Not that legal strictures against “offensive” speech would be consistently enforced even if the First Amendment were formally rescinded. In practice, whoever had the most political pull would be issuing the shut-up edicts. Although victims might well be offended by the uttering of those edicts, censors would be undeterred by the contradiction.

These thoughts are occasioned by Greg Lukianoff’s new book Freedom from Speech, and the review of same by Allen Mendenhall at Liberty. Lukianoff heads the Foundation for Individual Rights in Education (FIRE), which fights the good fight for civil rights on campus. His book, says Mendenhall, is “a vigorous and cogent refutation of the increasingly popular notion that people have a right not to be offended.”

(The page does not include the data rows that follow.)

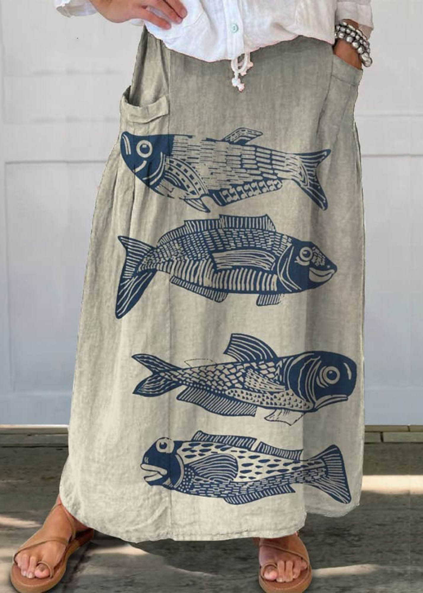Women's Fish Art Print Linen Pocket Skirt
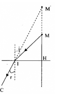 Mắt người và cá cùng cách mặt nước là 60cm, cùng nằm trên một mặt phẳng vuông góc với mặt nước. Biết chiết suất của nước là n = 4/3. Cá thấy người cách mình bao nhiêu?
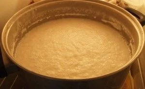 3.นำกะทิมาพักให้เย็น จากนั้นเทใส่ภาชนะที่เหมาะกับการแช่เย็น
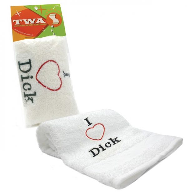 This fun embroidered “i “heart” dick” towel is not only a unique and clever gift; it is also a very practical and usable one. embroidered with one of 48 different sexy words or phrases these towels are super absorbent.  made in the usa; these 86% cotton and 14% polyester towels measure 27″ x 16″ and are machine washable. shouldn’t you keep at least one handy?
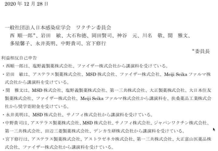 一般社団法人日本感染症学会 ワクチン委員会 COVID-19 ワクチンに関する提言 (第1版) :昨年の12月末に「日本感染症学会 ワクチン委員会 」から『COVID-19 ワクチンに関する提言 』が発表され、ワクチンの接種が推奨されています。しかしながら、このワクチン委員会のメンバーの多くが、ファイザーやMSDなどの新型コロナワクチンの製造メーカーから謝礼を受け取っています。
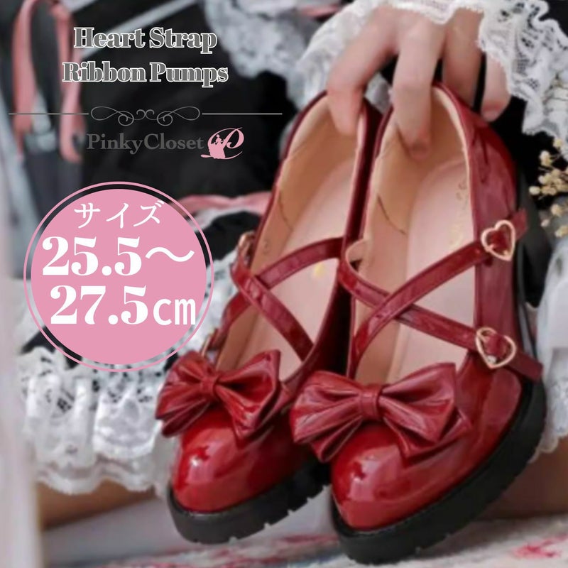 大きなリボンにハートの金具が可愛いキュートなパンプスで、
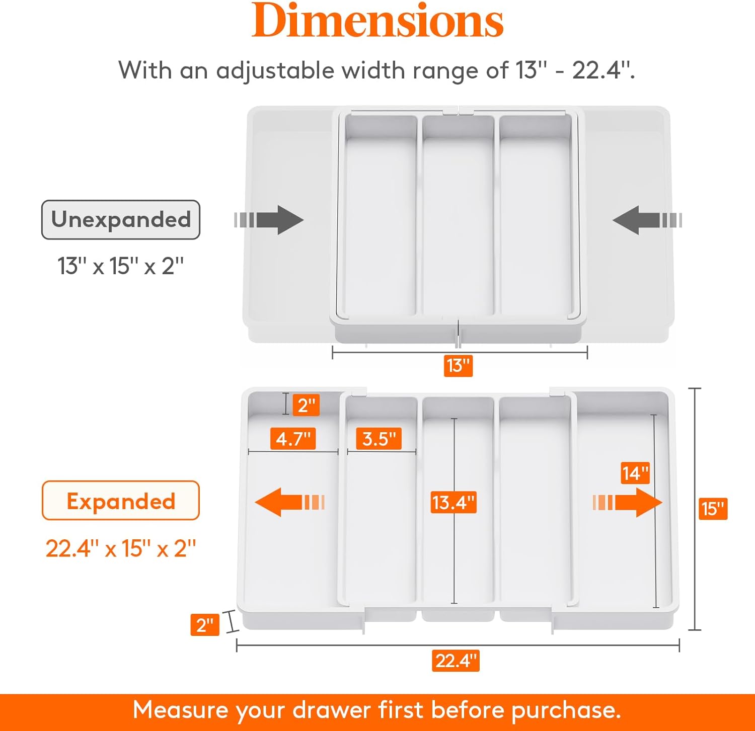 - Adjustable Design: With its retractable design, The Lifewit silverware organizer fits drawers of various sizes and shapes. It measures 13'' wide when folded while reaching 22.4'' when fully expanded. This universal utensil drawer organizer helps you maximize storage space efficiently while keeping your utensils neatly organized and easily accessible
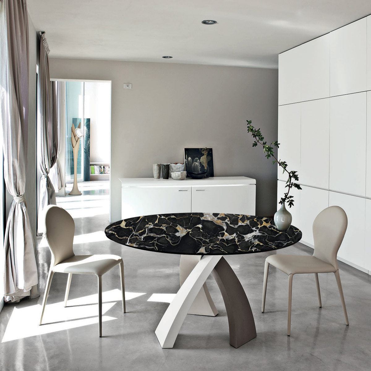 Az Eliseoval egy rendkívül kifinomult étkező született, amely három színű változatban, vagy dupla talapzattal kapható. Ellipszis alakú, kifinomult sziluettje méltóságteljesen tartja számtalan asztallappal választható, mint márvány, edzett üveg, fa. Kerek / ovális vagy szögletes formában. Elérhető méretei anyagtól függően: Ø120x75 /Ø140x75 / Ø160x75 / 120x220x75 / 120x250x77 / 120x300x77 cm.
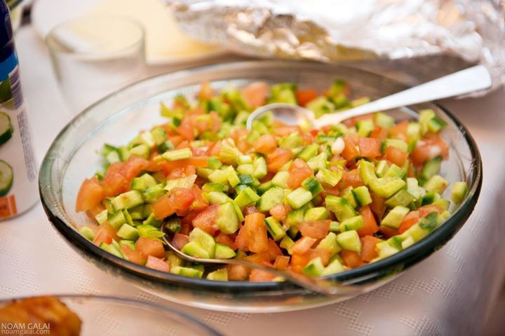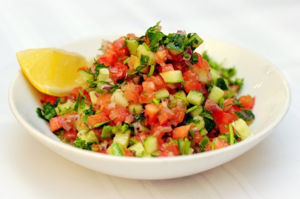 This is a basic Middle Eastern vegetable salad; cucumbers and tomatoes are the basis for this salad, but you can add chopped onions, scallions or shallots, chopped parsley, chopped mint (na’na), chopped carrots, chopped red or yellow peppers, and what I like best of all, chopped celery leaves (the inner leaves that are fresh, light in colour, crispy).
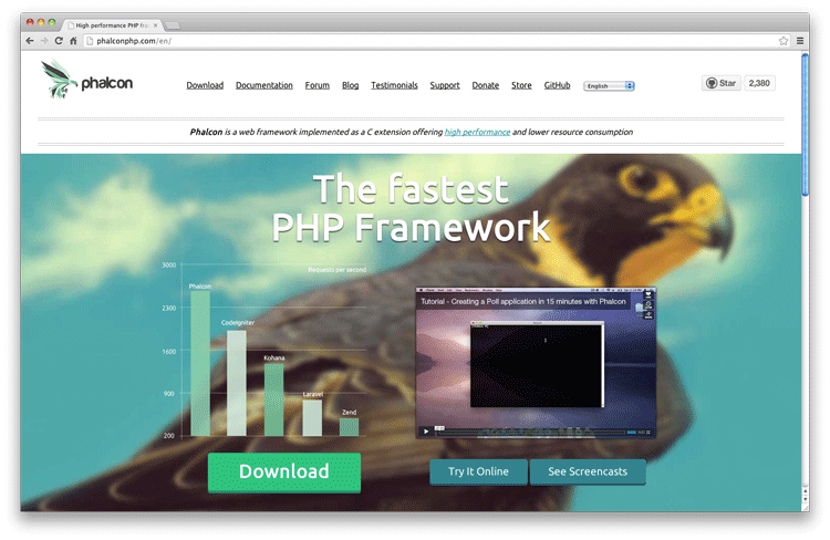 Phalcon 是一个开源的,满栈的 PHP 框架,使用 PHP 5 类似 C 扩展的语言来编写的高性能框架。用户不需要会用 C 语言,Phalcon 会提供 PHP 类。Phalcon 是松散耦合,用户可以随意使用组件来创建 web 应用。

Lukianoff agrees that hypersensitivity to controversial speech in private institutions, too often punished by private sanctions that are arbitrary and unjust, does not per se violate anyone’s First Amendment rights. It nonetheless undermines the cultural tolerance needed for open discussion. “Only through the rigorous filtering mechanisms of longstanding deliberation and civil confrontation can good ideas be sorted from the bad. Only by maintaining disagreement at a rhetorical and discursive level can we facilitate tolerance and understanding and prevent the imposition of ideas by brute force.”

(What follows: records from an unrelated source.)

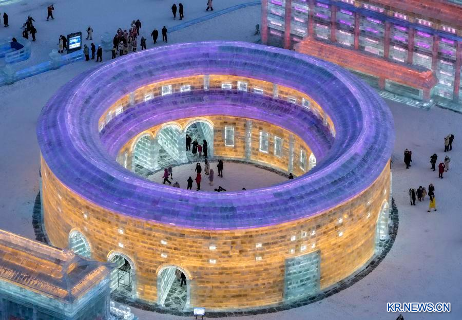 하얼빈(哈爾濱) 빙설대세계 단지 내 빙설 조각물을 17일 드론으로 촬영했다. (사진/신화통신)
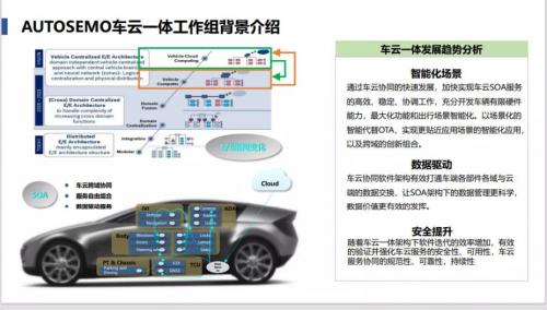 AUTOSEMO同样设立了车云一体工作组,该工作组由东软睿驰担任组长单位,广汽研究院和中汽创智担任副组长单位,联合16家车企及供应商单位共同面对在汽车行业SOA架构从讨论、预研,开始进入到实际项目实施阶段中,针对SOA架构下的车云协同相关方法、架构、设计原则、协议标准进行研究和讨论。
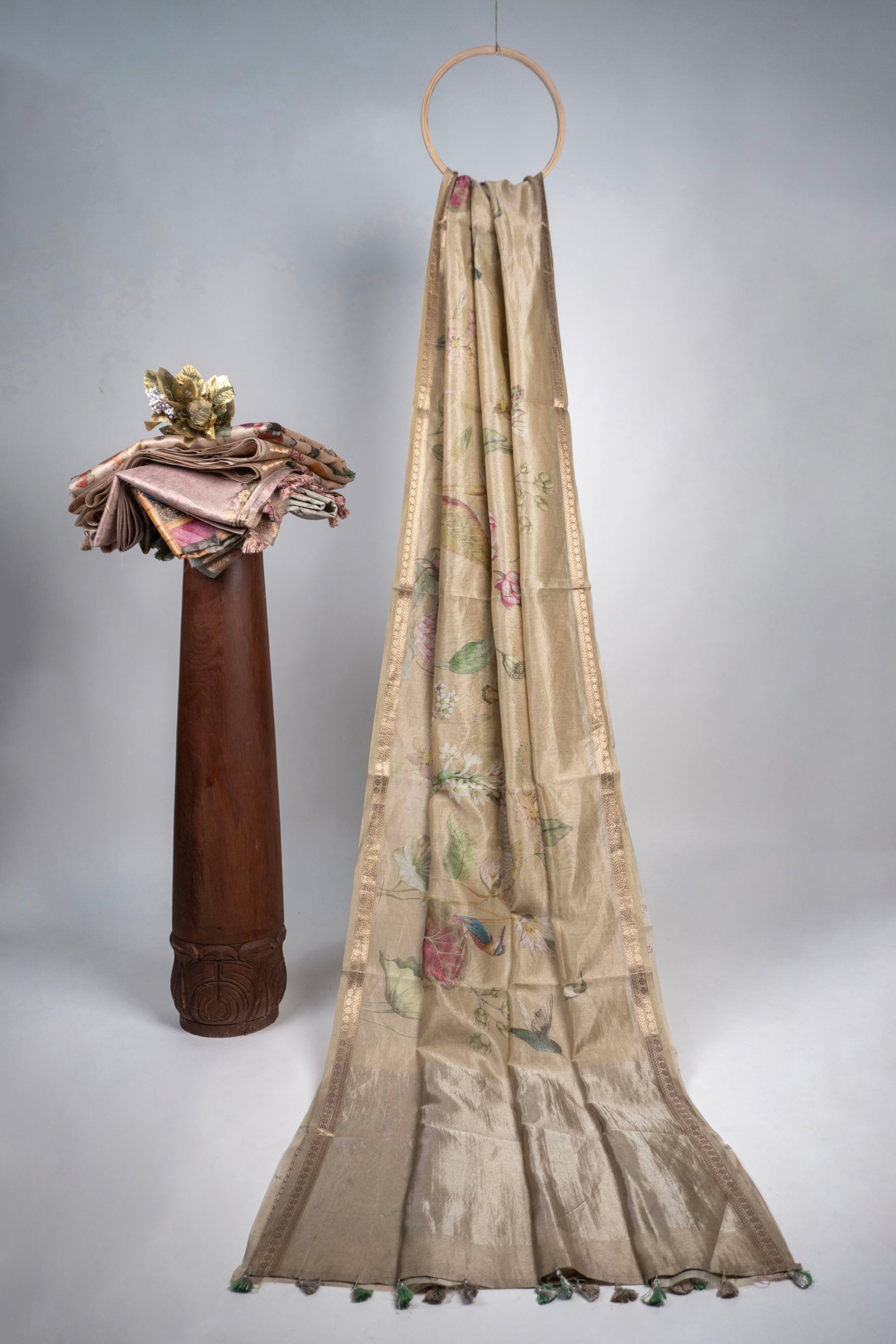 Champagne Soft Linen Tissue Saree with Digital Heritage Art and Bird Prints
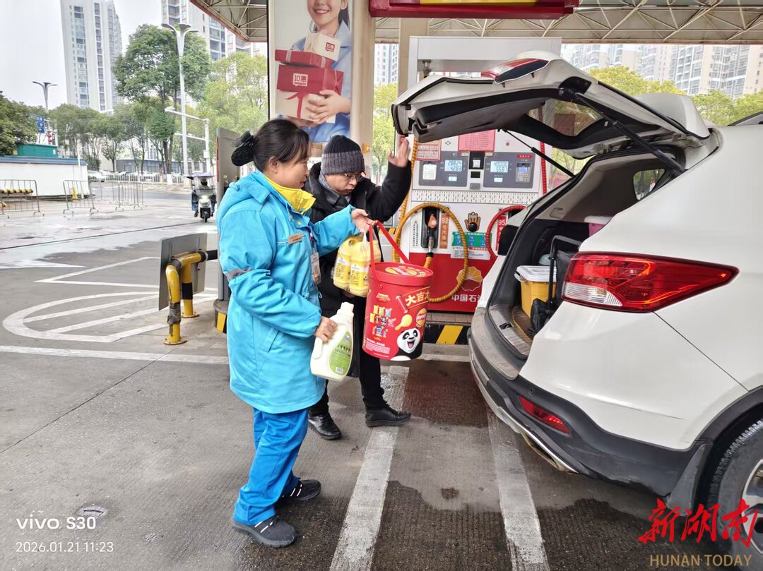 风雪一线,服务持续升温。各加油站迅速行动,站经理带领员工第一时间清扫站前道路积雪、撒布工业盐,在易滑区域增设警示牌与防滑地垫。加油员们顶着寒风高效作业,提枪加油、推介年货的同时,主动为顾客清理车辆积雪,针对柴油车结蜡问题备足抗凝剂。天湖、湘长等站通过 “司机之家” 提供休整、淋浴等服务,熙春路、赤马等站为环卫工人送上热姜茶,一句句问候、一次次援手,让加油站成为旅途温馨港湾。
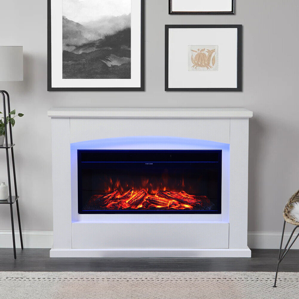 34 Inch Electric Fireplace Heater White MDF Fire Suite with Remote Control 1800W
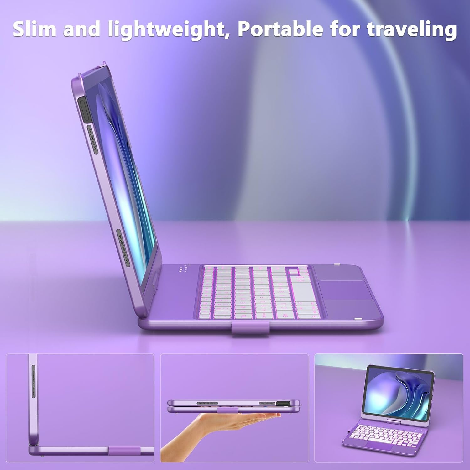 for iPad A16 11th Generation/10th Generation Case with Keyboard,Touch Keyboard for iPad 11" /10th Gen 10.9 inch 2022-10 Color Backlight, 360° Rotatable Protective Cover (Light Purple)
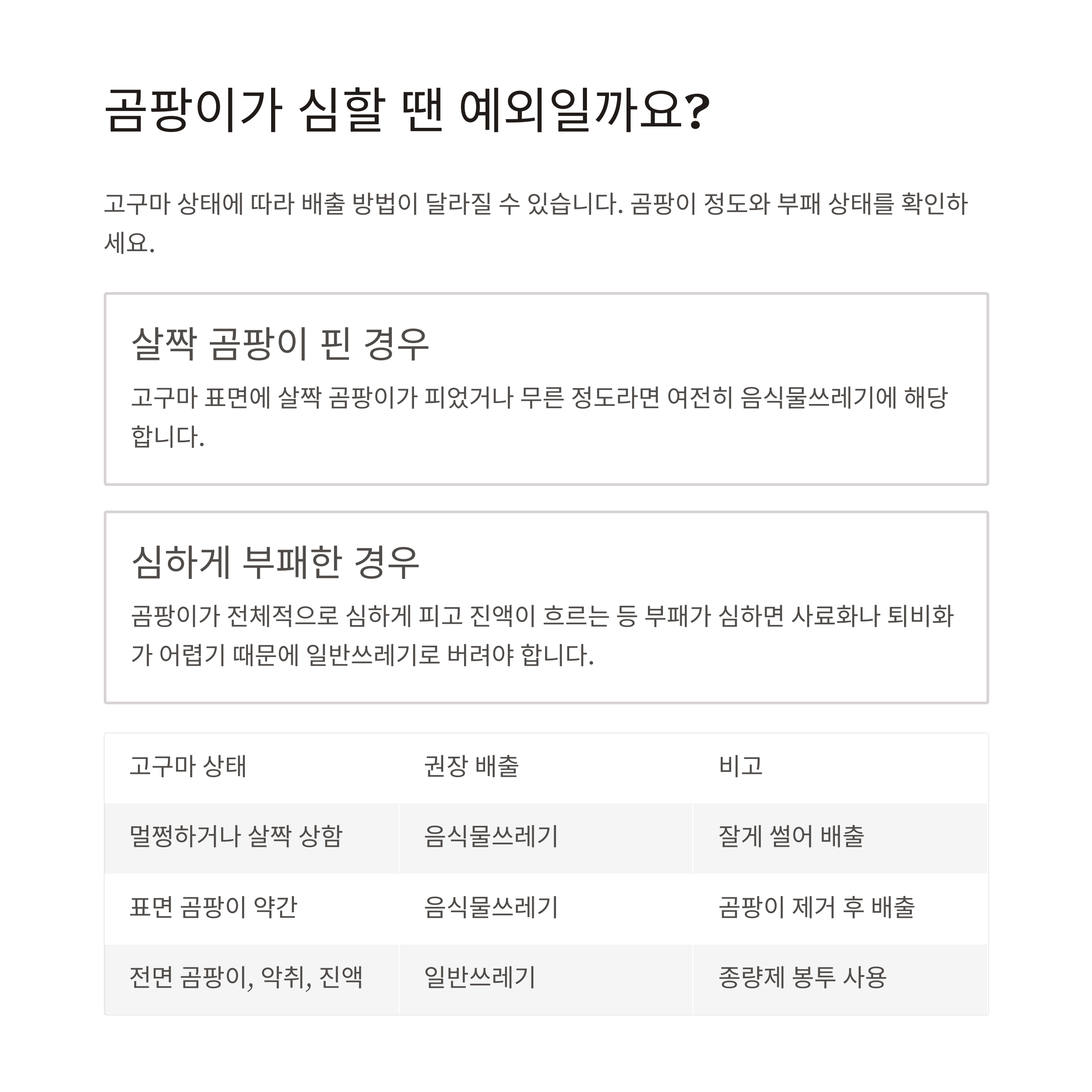 | 표면 곰팡이 약간 | 음식물쓰레기 | 곰팡이 제거 후 배출 |

That is to say, cultural values and political values are not two isolated realms. One influences the other.

Who can disagree? I wouldn’t dare.

This is Common Sense. I’m Paul Jacob.

2 replies on “The Preposition Is “Of””

Absolutely, freedom of speech is protected from governmental control, but exoneration from the individual and private institutions reactions to that speech is impossible. That is how policy is debated, foolishness and shortsightedness are avoided and, hopefully, a reasoned and practical resolution of differences reached.
That some private organizations limit speech, or even punish it is not constitutionally protected and must be expected. A speaker cannot insist on being welcomed and supported in a church forum to argue atheism, and indeed may be expelled from membership in the group for doing so.
On the other hand, it is sad and discouraging to see restrictions on speech in publicly sponsored and private “educational” institutions for by doing so they reduce themselves to being indoctrination centers while claiming to be universities. This is either because they have lost sight of the fact that in debate as there is no more effective an argument than using one side or the other’s own arguments and premises to refute their point, or because the actually realize their positions taken are not defensible.
The concept that you are free to speak but there can be no ramifications in the opinion of, or the responses from, others is missing the other necessary half of the protected (from government interference only) activity.